Conclusion and Final Thoughts

In the first case, while the Court rightly stress the importance of protecting personality rights and trademarks of the news entity, the decision to restrain a mere play of words such as “Baap Ki Adalat” seems overly restrictive. Parody should be protected under the principle of free speech, unless they are clearly intended to deceive or harm the viewers. It should not be considered as infringing any trademark in any manner.

In Tata Sons Ltd v. Greenpeace International,[viii] the High Court of Delhi dealt with the issue of parodic use of trademarks. Greenpeace had created an online video game titled “Turtle vs. TATA”, criticizing Tata’s industrial project. The Court rightly recognized that Greenpeace’s use of their marks in the game was parodic and aimed at conveying criticism rather than infringing on any trademarks. As a result, the motion for injunction was denied.
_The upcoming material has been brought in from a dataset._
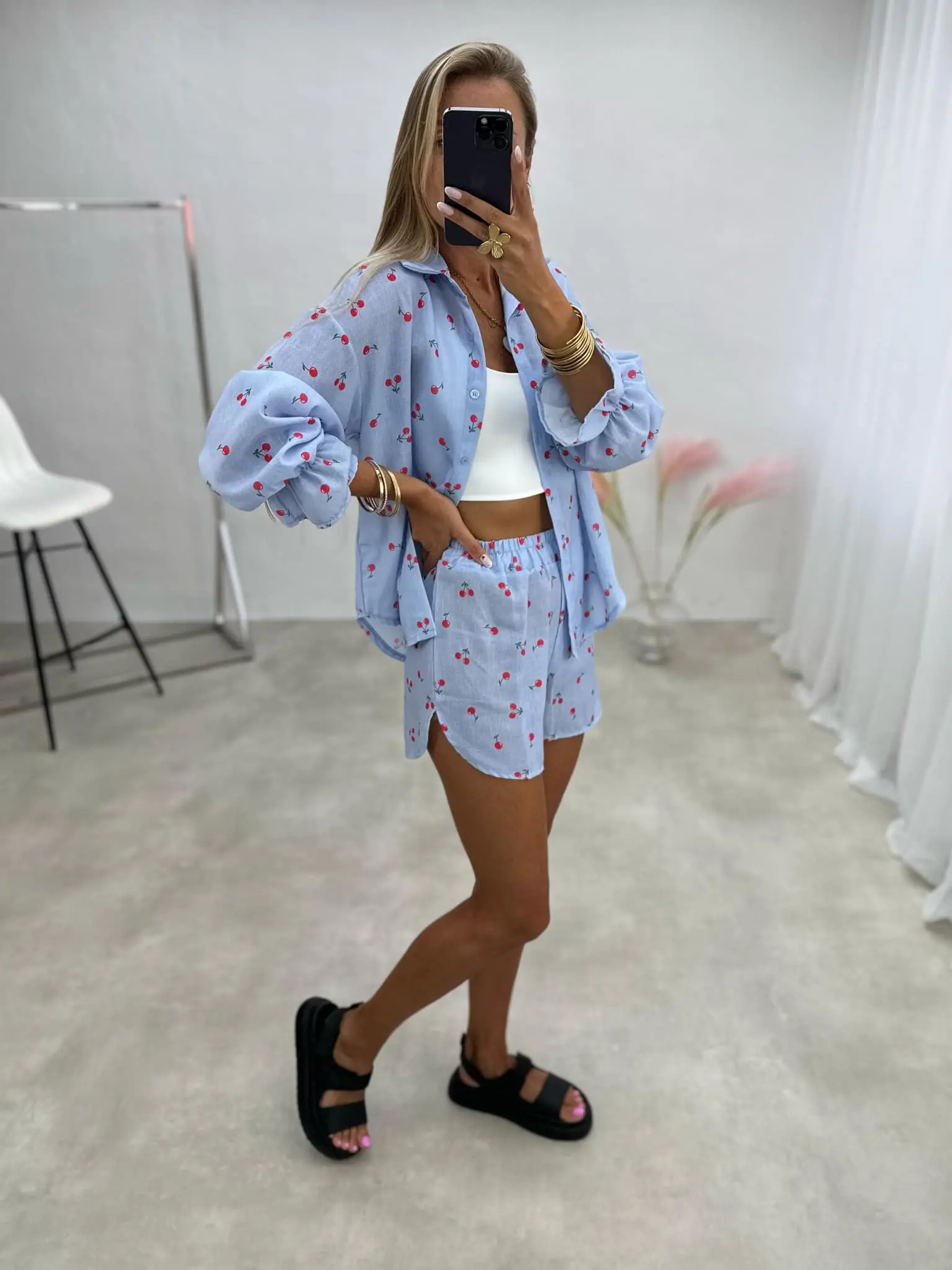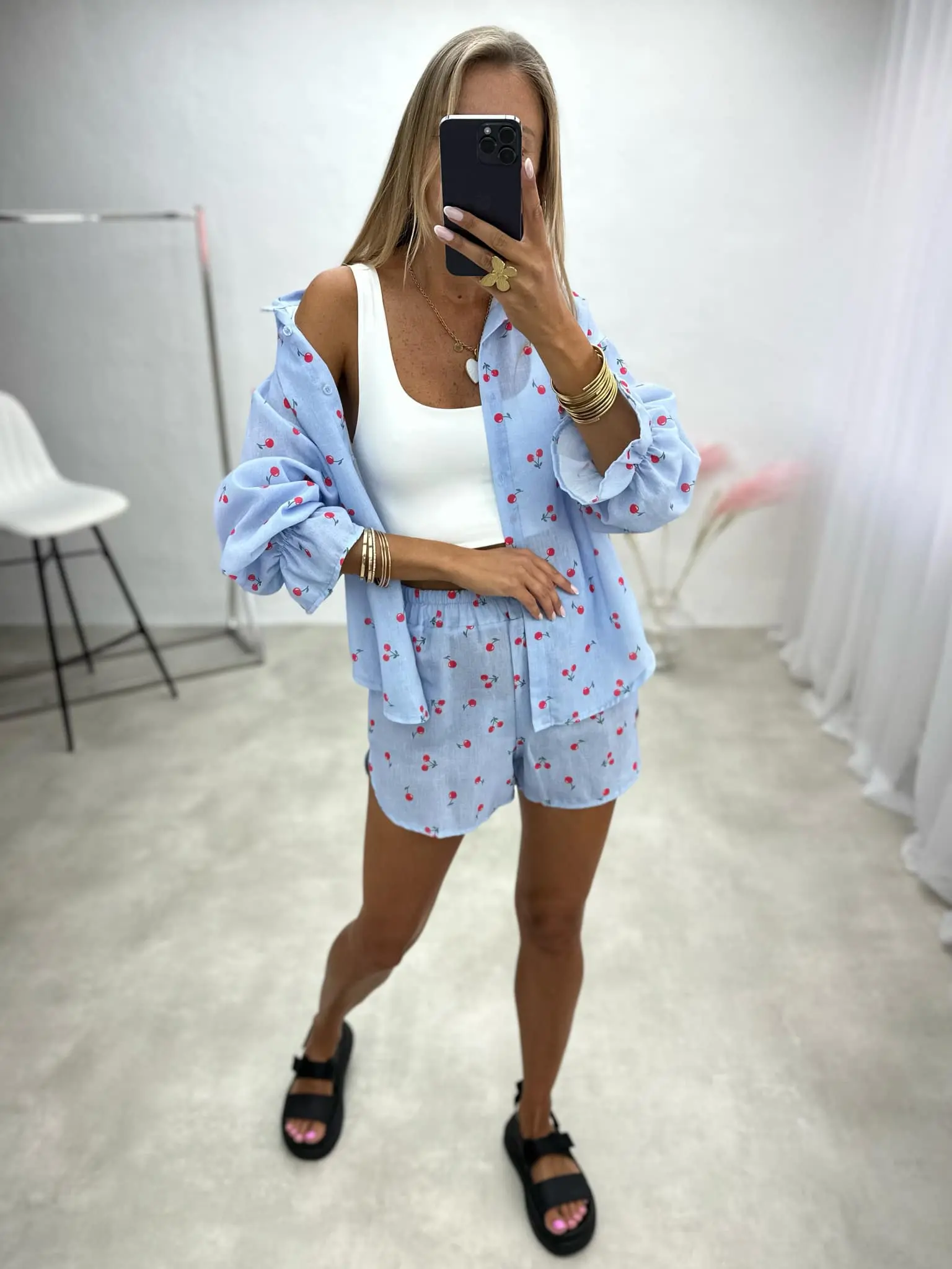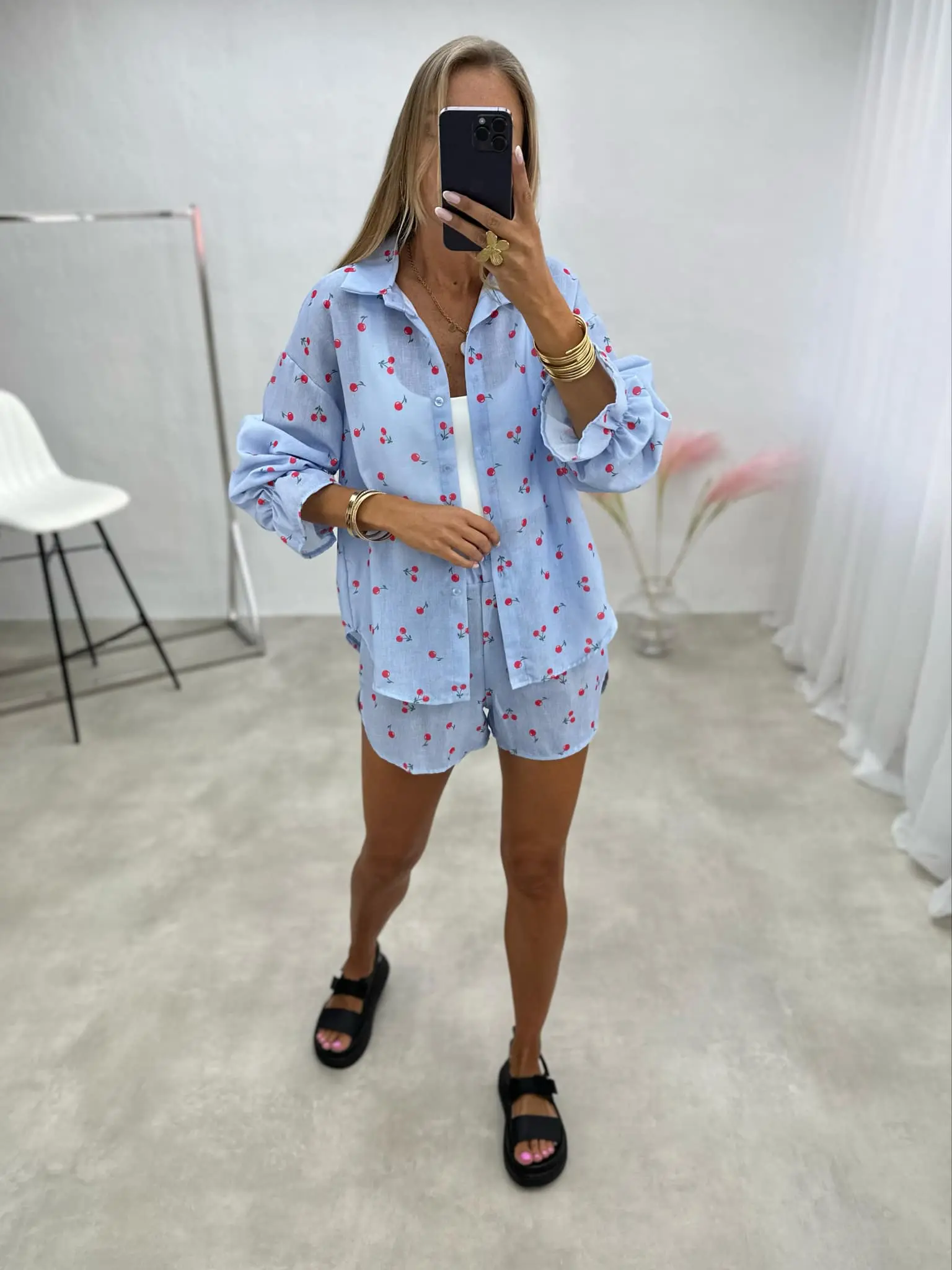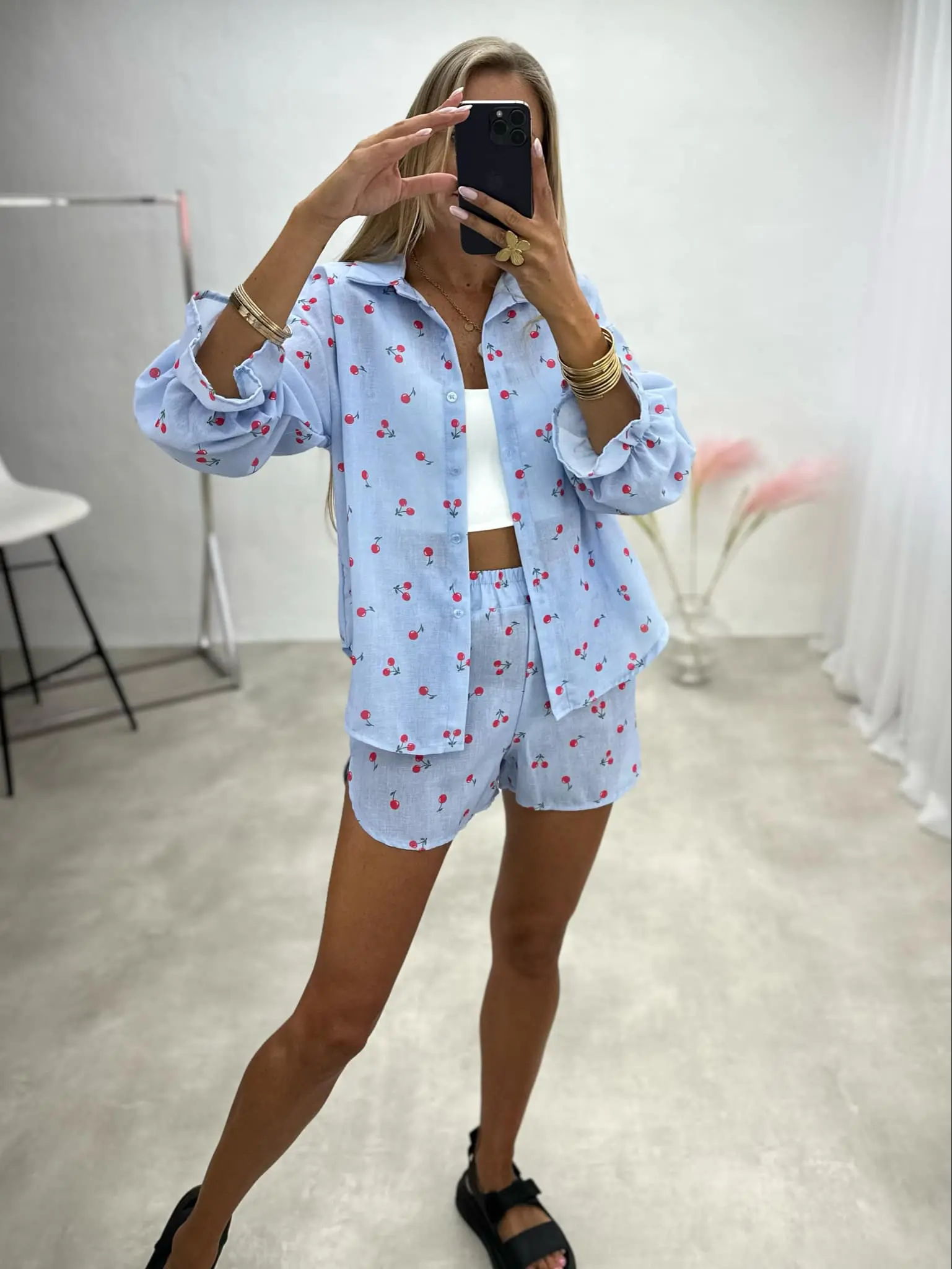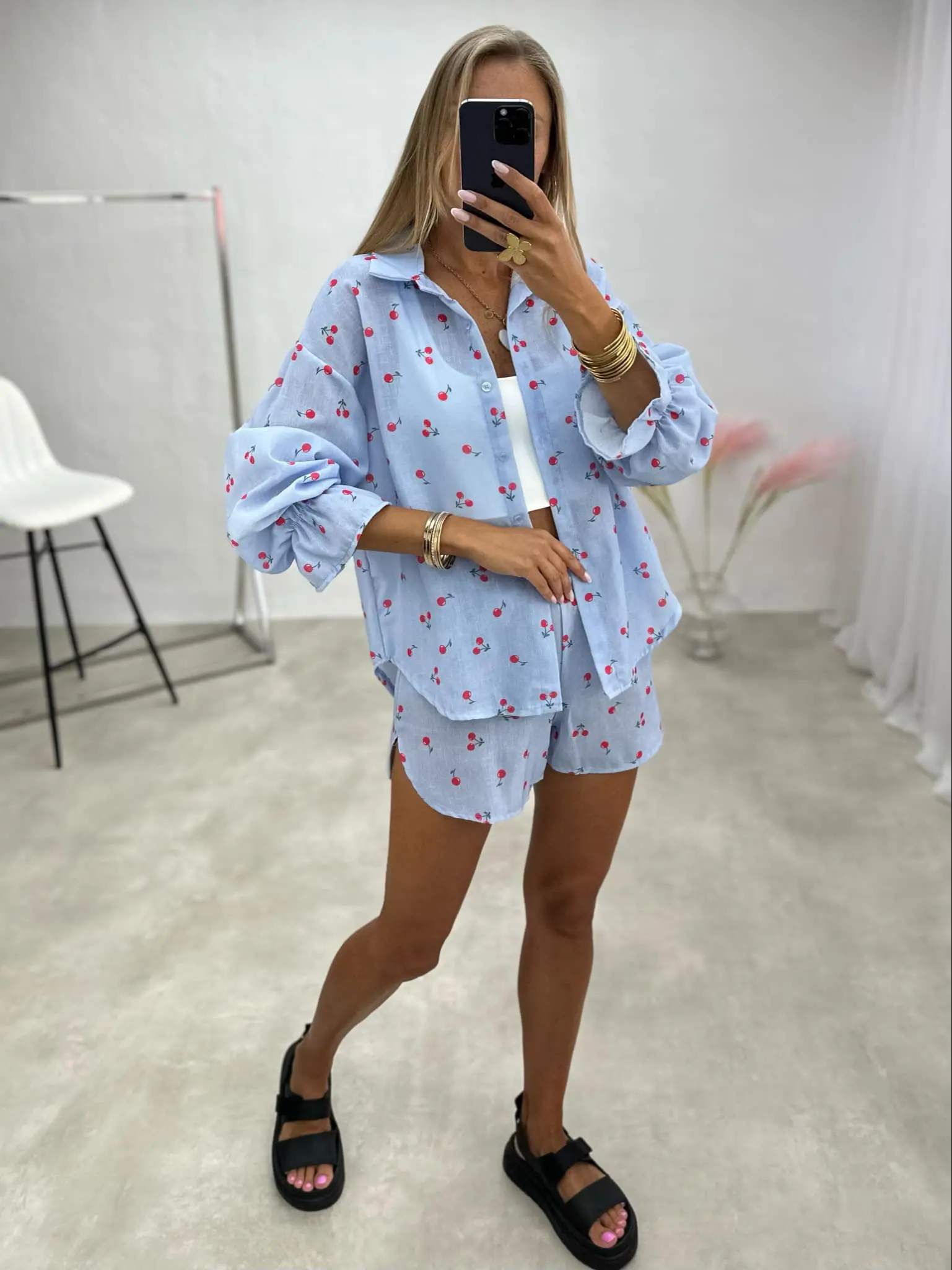 Žaismingas dviejų dalių kostiumėlis, kurį sudaro marškiniai ir šortai. Puikus pasirinkimas šiltoms dienoms, užtikrinantis komfortą ir elegantišką įvaizdį.
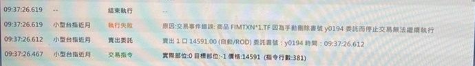 就您提供的圖片上的錯誤訊息,所以猜測是手動干預自動交易。

In the second case, the Court has set a significant precedent by addressing the issue of false statements made by individuals, including politicians, which can severely harm reputations of genuine personalities. In the age of social media, misinformation spreads quickly and is difficult to correct once it’s out there. The court’s decision to grant an injunction emphasizes the need to control such harmful content.

However, as damages are not currently awarded, it would be beneficial if a penalty is imposed in the final judgement. Imposing penalties would serve as a big deterrent, dissuading individuals from spreading misinformation due to the potential legal and financial repercussions. This approach would foster a more responsible online environment where the risk of damaging one’s reputation outweighs any perceived benefits of sharing false information.

End notes:

[i] CS(COMM) 498/2024, I.A. 31295/2024.

[ii] CS(OS) 495/2024 & I.A. 31743/2024.

[iii] Morgan Stanley Mutual Fund v. Kartick Das, (1994) 4 SCC 225.

[iv] Amish Devgan vs. Union of India, (2021) 1 SCC 1, while referring to: Subramanian Swamy vs. Union of India, W.P.(CRL.) 184/2014.

[v] Institute of Chartered Accountants of India vs. L.K. Ratna, (1986) 4 SCC 537.

[vi] Lakshmi Murdeshwar Puri v. Saket Gokhale, (2021) 3 HCC (Del) 23.

[vii] Hanuman Beniwal vs. Vinay Mishra, 2022 SCC OnLine Del 4882.

[viii] Tata Sons Ltd v. Greenpeace International, I.A. No.9089/2010.